● **DATA**:
* * * *

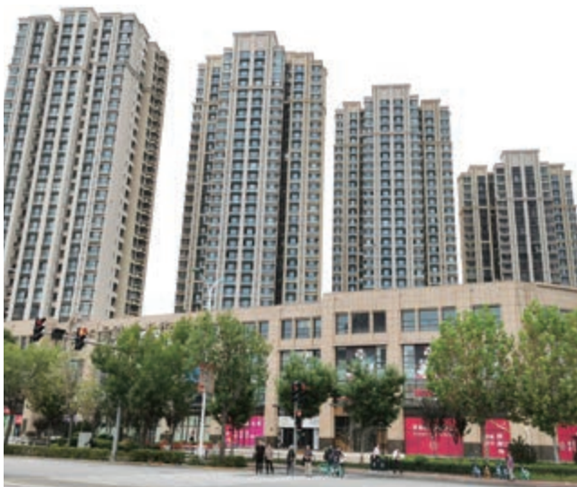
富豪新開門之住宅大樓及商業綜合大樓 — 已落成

* * * *

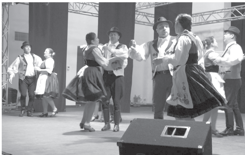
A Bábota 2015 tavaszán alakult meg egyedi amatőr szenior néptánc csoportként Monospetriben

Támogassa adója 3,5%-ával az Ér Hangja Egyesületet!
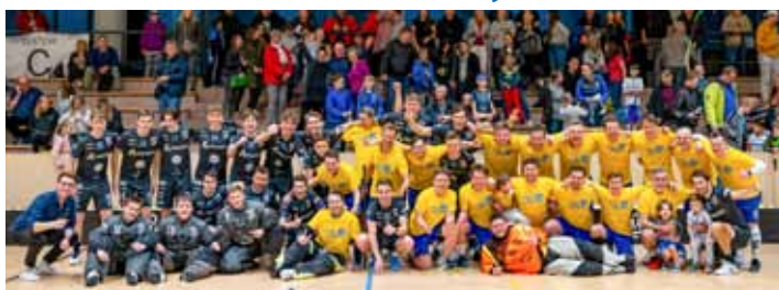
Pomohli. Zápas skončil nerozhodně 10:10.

* * * *

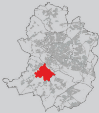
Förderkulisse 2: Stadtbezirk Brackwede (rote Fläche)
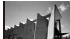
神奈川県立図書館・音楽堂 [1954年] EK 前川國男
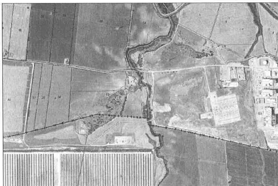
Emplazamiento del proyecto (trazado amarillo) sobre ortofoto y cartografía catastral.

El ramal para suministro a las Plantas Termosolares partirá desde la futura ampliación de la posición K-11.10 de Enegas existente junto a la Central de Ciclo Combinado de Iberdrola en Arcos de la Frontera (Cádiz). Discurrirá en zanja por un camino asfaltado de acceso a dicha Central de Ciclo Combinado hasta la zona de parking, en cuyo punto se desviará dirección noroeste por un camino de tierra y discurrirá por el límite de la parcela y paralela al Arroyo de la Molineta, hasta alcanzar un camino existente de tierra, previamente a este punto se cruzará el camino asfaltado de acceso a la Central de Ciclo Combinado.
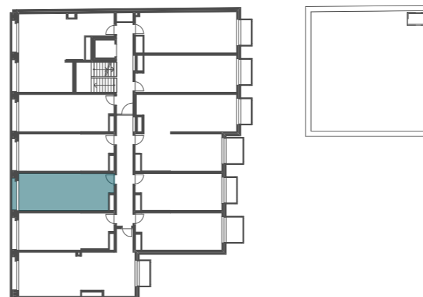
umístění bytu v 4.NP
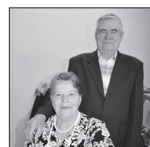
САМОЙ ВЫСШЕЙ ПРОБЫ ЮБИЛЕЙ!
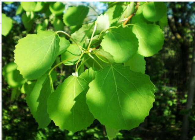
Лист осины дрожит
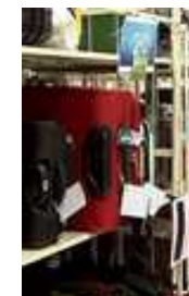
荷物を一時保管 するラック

* * * *

● **BRIEF**:
From the records above, copy exactly the stretch from the line holding "Förderkulisse 2: Stadtbezirk" through the line holding "荷物を一時保管 するラック", both ends included, without the pictures.

● **WRITTEN RESPONSE**:
Förderkulisse 2: Stadtbezirk Brackwede (rote Fläche)
神奈川県立図書館・音楽堂 [1954年] EK 前川國男
Emplazamiento del proyecto (trazado amarillo) sobre ortofoto y cartografía catastral.

El ramal para suministro a las Plantas Termosolares partirá desde la futura ampliación de la posición K-11.10 de Enegas existente junto a la Central de Ciclo Combinado de Iberdrola en Arcos de la Frontera (Cádiz). Discurrirá en zanja por un camino asfaltado de acceso a dicha Central de Ciclo Combinado hasta la zona de parking, en cuyo punto se desviará dirección noroeste por un camino de tierra y discurrirá por el límite de la parcela y paralela al Arroyo de la Molineta, hasta alcanzar un camino existente de tierra, previamente a este punto se cruzará el camino asfaltado de acceso a la Central de Ciclo Combinado.
umístění bytu v 4.NP
САМОЙ ВЫСШЕЙ ПРОБЫ ЮБИЛЕЙ!
Лист осины дрожит
荷物を一時保管 するラック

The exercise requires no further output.